徐菊香看著女兒那張小小的臉,心裏又軟又疼。
這孩子,今天是真哭累了。
———
“林棟哲,你看看你,一天天把自己弄得跟泥猴似的!”
宋瑩一進門,就把兒子拽到水盆邊,按著他的手往水裏浸。
牡丹花陶瓷盆裡的清水,瞬間渾成一片。
“咱這條巷子裏,誰有你淘氣?”
“這褲子前天剛縫好的,今兒又給我豁了個口子。”
她一邊搓,一邊絮叨。
“你之前不是老往圖南家跑,跟曉婷他們玩嗎?怎麼今兒又去爬沙堆了?”
宋瑩頓了頓,手上用了用力,把兒子指縫裏的黑泥往外摳:“還有,今兒那個小囡囡,是不是你弄哭的?”
林棟哲本來耷拉著腦袋,由著她折騰。
這些話他聽得耳朵起繭——反正每天回來都是這幾句,換湯不換藥。
可最後那句話一出來,他腦子裏忽然“嗡”了一下。
不知道為什麼腦海中浮現出來漂亮妹妹的臉。
比媽媽蒸的白麪饅頭還白,比大白兔奶糖的紙還白……不對,比奶糖本身還白。還甜。光看著,就覺得甜。
林棟哲現在還記得,當時看見那個妹妹的感覺。
心裏像有什麼東西拱著,讓他想往前走,想跟她說話,想跟她做朋友。
他本來想牽牽她手的。
可低頭一看自己的手,黑得連指甲蓋都看不見原色。
他就沒敢,隻輕輕碰了一下她的臉。
那個妹妹的臉,軟得不像話。
林棟哲低頭看著眼前這盆黑水——已經換過一道了,還是渾的。
他的手被搓得發紅,可指縫裏還嵌著黑黢黢的東西。
忽然覺得有點難受。
他不想這樣去見那個妹妹。
她穿得那麼乾淨,那麼好看。
他也要穿得乾乾淨淨的,再去見她。
“媽。”他忽然開口。
宋瑩還在絮叨,被他這一聲打斷。
“我不要這個尿素袋褲子了。”
宋瑩愣了一下,手上動作沒停,又抹了一坨肥皂:“什麼?林棟哲你說什麼?”
“我不要這個褲子。

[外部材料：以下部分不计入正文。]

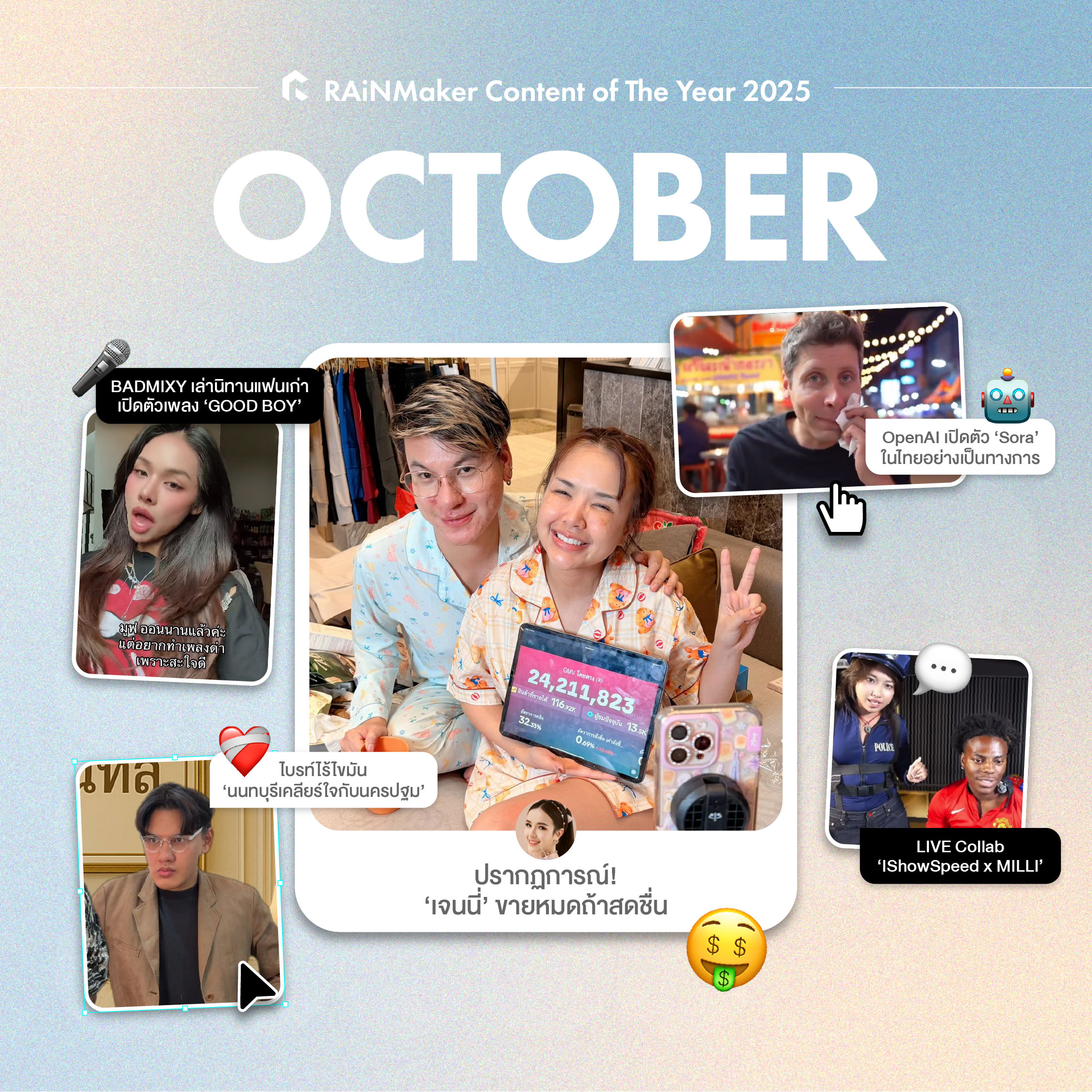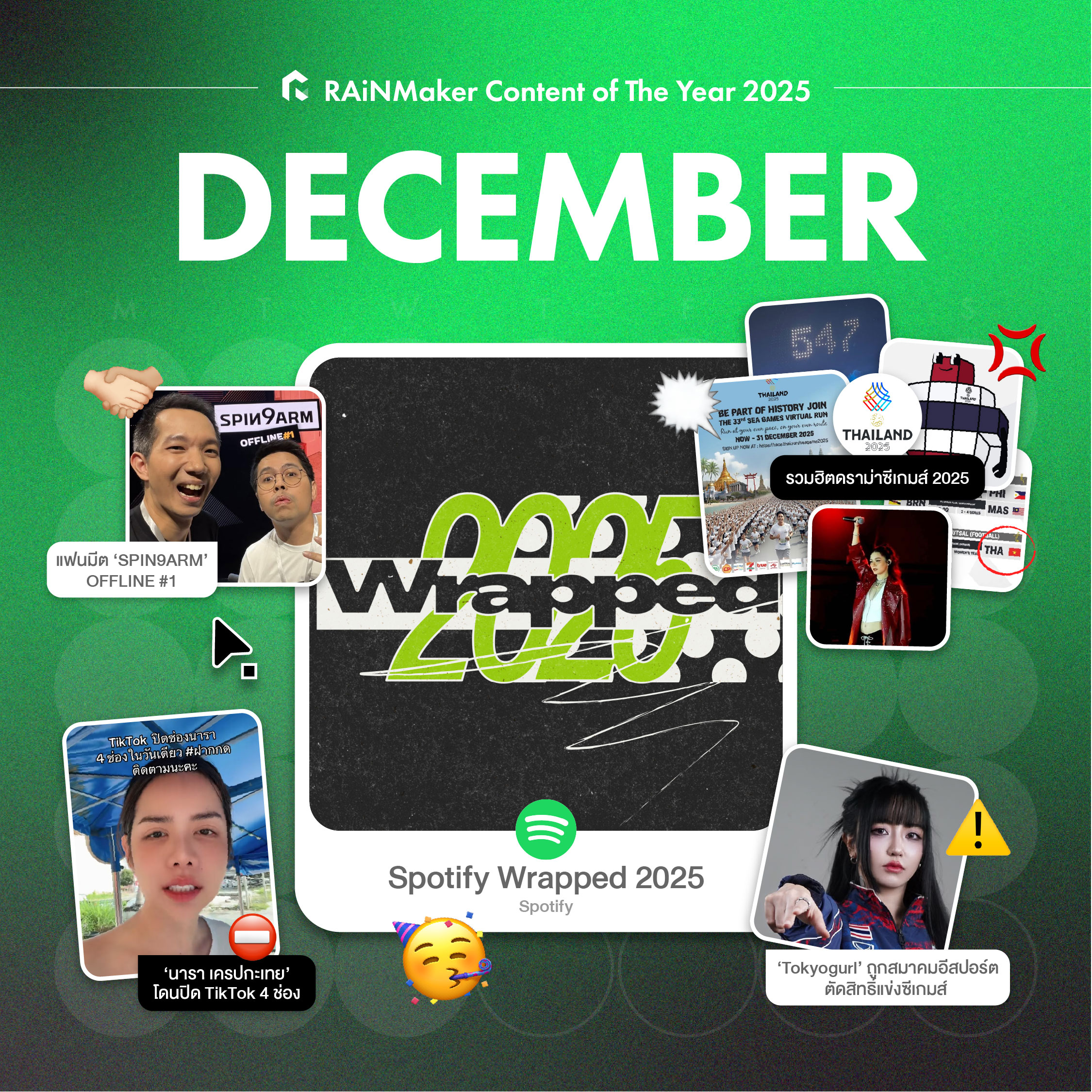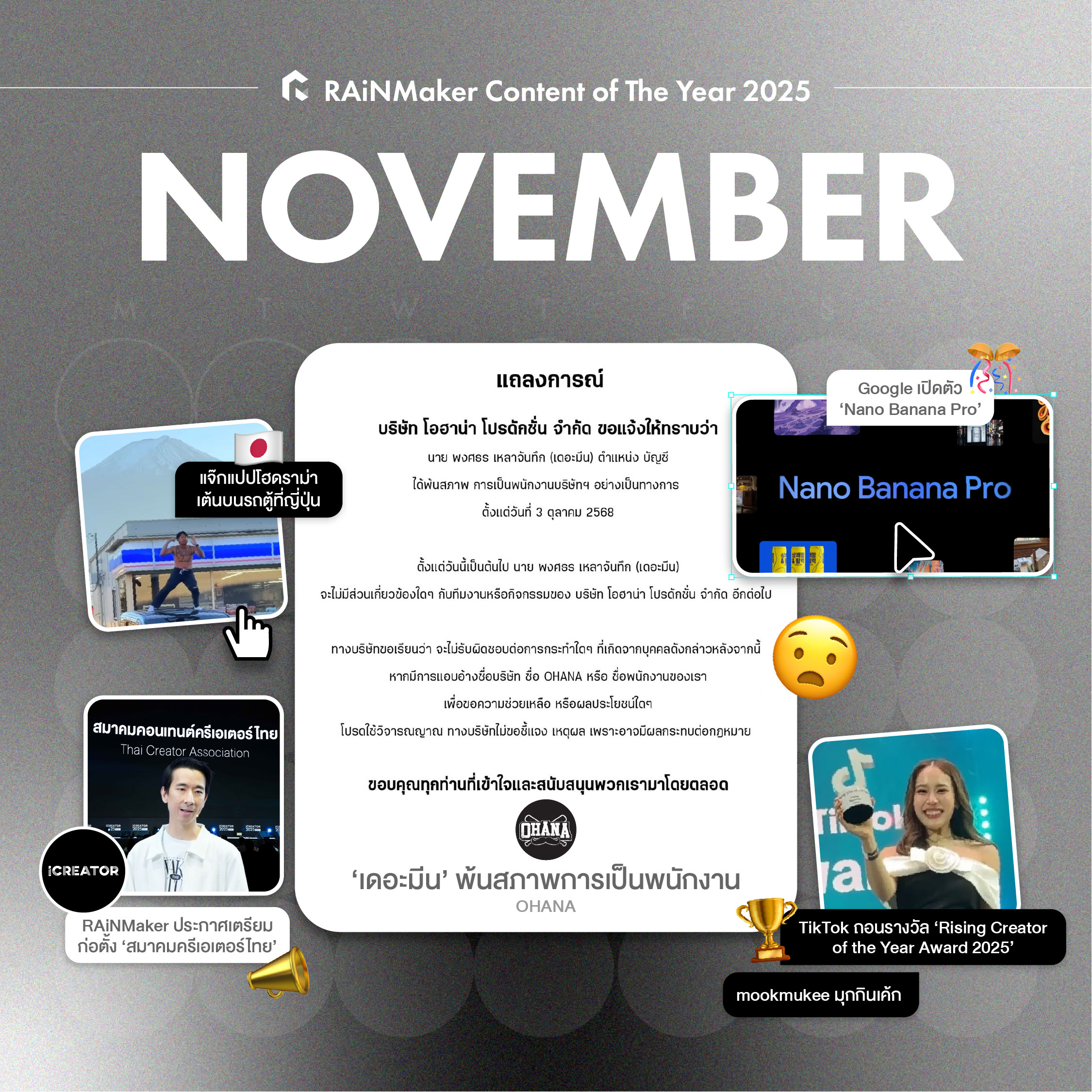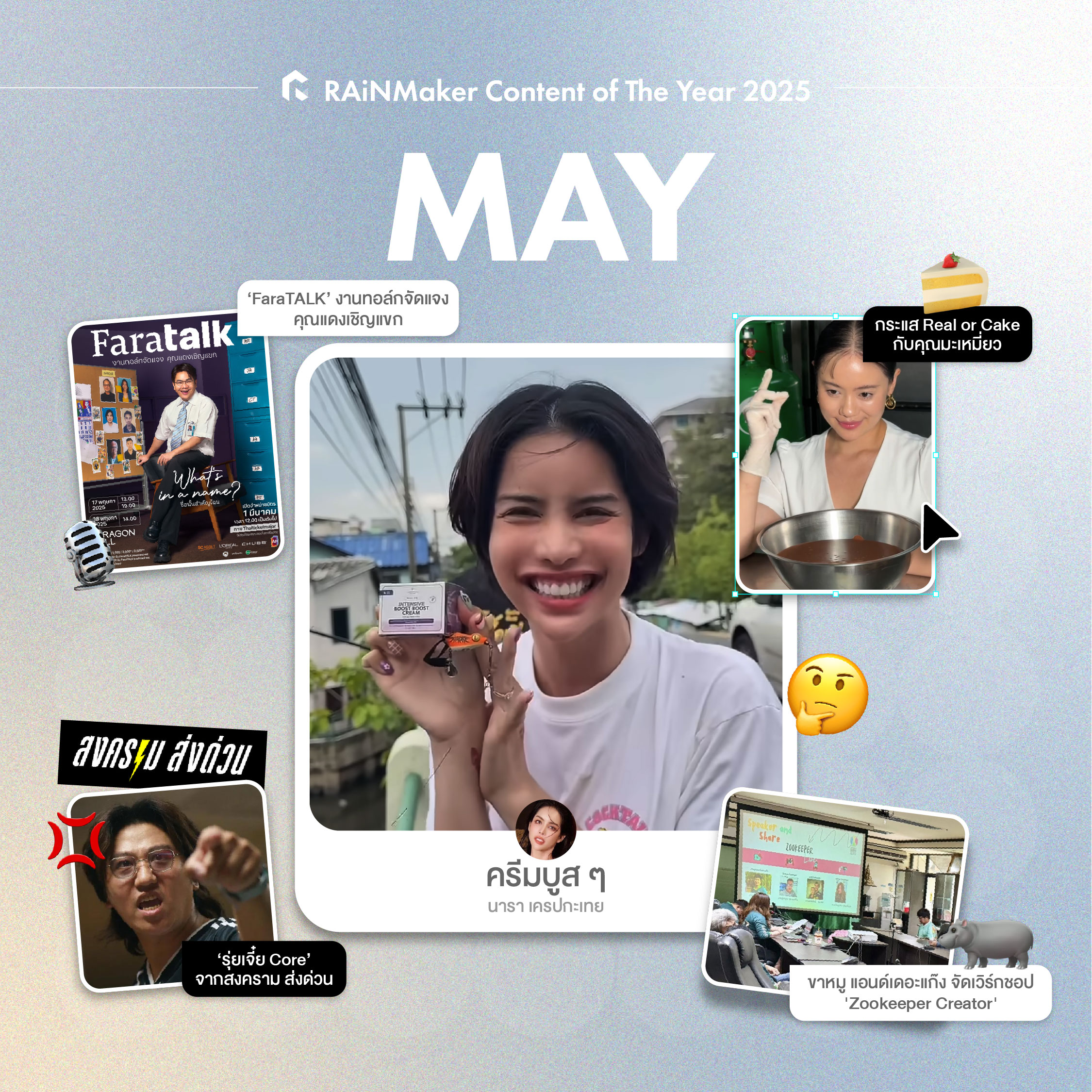 ก่อนที่จะเริ่มต้นปีใหม่กับปี 2026 ช่วงเวลาสุดยอดคอนเทนต์ ‘Content of The Year 2025’ ก็ได้กลับมาอีกครั้ง! ซึ่งคอนเทนต์แต่ละหมวดนั้นก็มีหลากหลายสถานการณ์และเหตุการณ์สำคัญไม่แพ้ปีก่อน โดยเฉพาะการอัปเดตของวงการคอนเทนต์ครีเอเตอร์ที่มีผู้ลงสนามหน้าใหม่ และผู้ที่อยู่ในสนามมานานจนต้องบอกลากันไป จนถึงไวรัลที่ฮิตติดเทรนด์และเป็นที่พูดถึงกันในไทยก็มีเพียบ ใครที่อยากรีแคปเพื่อส่งท้ายปี 2025 ทาง RAiNMaker ได้คัดมารวมให้แล้วที่บทความนี้

”
林棟哲抬起頭,眼睛亮亮的。
“我不要穿這個了。”
“你不穿這個穿什麼?”
宋瑩被他氣笑了,手上搓得更用力。
“這些褲子,哪回不是我洗得乾乾淨淨、縫得結結實實的?”
“結果呢?你穿出去不到一天,就能給我造得又臟又爛!”
她換了一盆清水,把兒子的手按進去。
“早就跟你說過,弄髒了弄爛了,就隻有這個穿。”
“你自己說的,不讓我老給你縫褲子,這個袋子褲子穿著挺好。”
“怎麼,現在又不幹了?”
“媽,我不要,我真的不會再弄髒了!”
林棟哲急得跺腳,水花濺了一地。
“我要好的褲子,媽~我要好的褲子~”
“別動!”
宋瑩一巴掌拍在他手背上,把他摁住了。